Keywords: Aortic dissection, Asymptomatic aortic dissection, Dissection of the thoracic aorta
1. Introduction
Aortic dissection is a significant life-threatening condition [1]. This condition is relatively rare and classically presents as a sudden ripping or tearing sensation that radiates to the chest, abdomen, or back. However, dissections can have complex clinical presentations, potentially leading to a delayed or missed diagnosis. This catastrophic condition can present non-classically with minimal or no pain. In this case report, we will discuss a patient who presented to an outside hospital asymptomatic after having transient angina-like symptoms earlier that day. He remained asymptomatic for 36 hours without further complaints but was found to have an Acute Type A Aortic Dissection (ATAAD).
2. Case report
A 53-year-old male with a past medical history of hypertension, sleep apnea, and diabetes mellitus presented to an outside hospital with reports of chest pain while driving his truck the morning of admission. He developed anterior chest pain radiating to his neck, teeth, and left arm, which disappeared shortly after. Associated symptoms were blurry vision, lower extremity paresthesia, worsening dyspnea, and shortness of breath. He denied any prior episodes of chest discomfort or other cardiac histories. He had no infectious symptoms and did not start any medications recently. When he presented to the emergency department, he had no pain or complaints but was prompted to come to the hospital by his wife. A complete cardiac workup was done, which showed normal cardiac enzymes and electrocardiogram (EKG). Labs were significant only for hypokalemia. The patient was admitted overnight to rule out a myocardial infarction with serial enzymes and a repeat EKG. Continued Positive Airway Pressure (CPAP) was initiated for his diagnosed sleep apnea; home medications of amlodipine and atorvastatin were continued for hypertension and hyperlipidemia. No acute events overnight were reported, and he remained asymptomatic throughout the night.

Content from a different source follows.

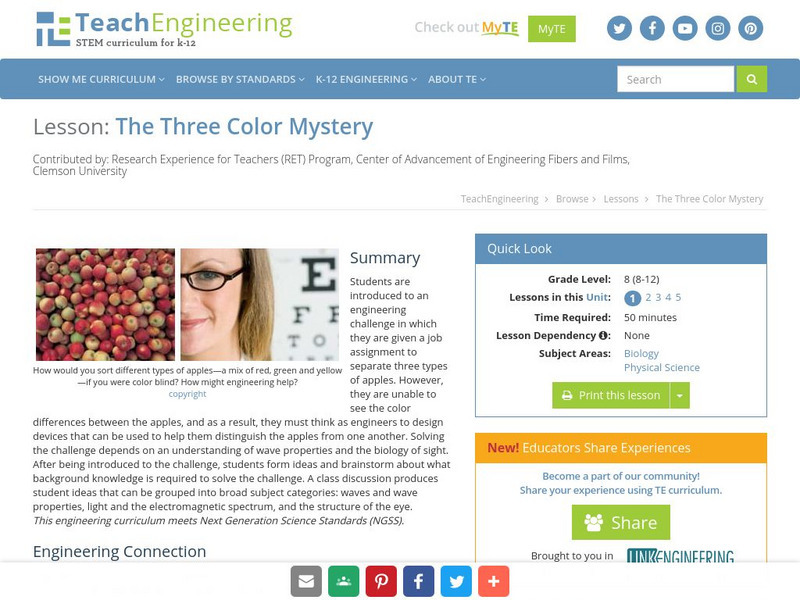 Learners are introduced to an engineering challenge in which they are given a job assignment to separate three types of apples. However, they are unable to see the color differences between the apples, and as a result, they must think as...

The following day, a repeat EKG showed sinus bradycardia with nonspecific T-wave changes inferiorly. A slight bump in troponin was consistent with a Non-ST Elevated Myocardial Infarction (NSTEMI). A systolic murmur was heard on auscultation. The patient was started on beta blockers, high-dose statins, and antiplatelet therapy, and an echocardiogram (echo) was ordered. It showed new aortic regurgitation. The echo was followed up with a chest angiogram to evaluate the aorta. He was found to have an ATAAD down to the level celiac trunk (Fig. 1). He was transferred from the outside hospital to our facility for further management. Cardiothoracic surgery evaluated his scans en route, and the decision was made to take him to the operating room on arrival to perform an emergent Bentall procedure (Fig. 2). A 28mm Gelweave aortic graft and a 25mm aortic valve were placed under hypothermic circulatory arrest. The procedure went well, and the patient is still recovering.
Fig. 1.
CTA Images: Stanford type A, dissection involving the ascending aorta, aortic arch, and descending aorta down to the level of the celiac trunk (White Arrows).
Fig. 2.
Gross Aortic dissection (outlined in dashed white line) involving ascending aorta and aortic arch.
3. Discussion
The incidence of aortic dissection ranges from 5 to 30 cases per million people per year [2]. Fortunately, this disease is uncommon but has high morbidity and mortality if left untreated or misdiagnosed. This is initially misdiagnosed in up to 38% of patients [3].
According to the International Registry of Acute Aortic Dissection study, abrupt onset of pain is the most common presenting symptom [4]. Alongside this, the classic findings of aortic dissection are sudden onset of tearing chest, back, or abdominal pain [3,5]. Symptomatology of pain is found in over 90% of patients, while the remaining 10% are painless [3]. These include signs/symptoms of heart failure, a complex effusion on CT or echocardiogram, seizure activity due to acute cerebral ischemia, or without signs/symptoms of pain [6]. Of these two groups, Type A aortic dissection occurred more frequently in the painless group [7].
Many reports in the literature describing missed clinical diagnoses often result in the patient's death. For example, two fatal cases of ATAAD were reported where the patients presented with multi-organ failure, gastrointestinal bleeding, and transient ischemic attack–like symptoms [8]. Another case described the delay in diagnosis in an asymptomatic patient presenting with an abnormal electrocardiogram (ECG) [9].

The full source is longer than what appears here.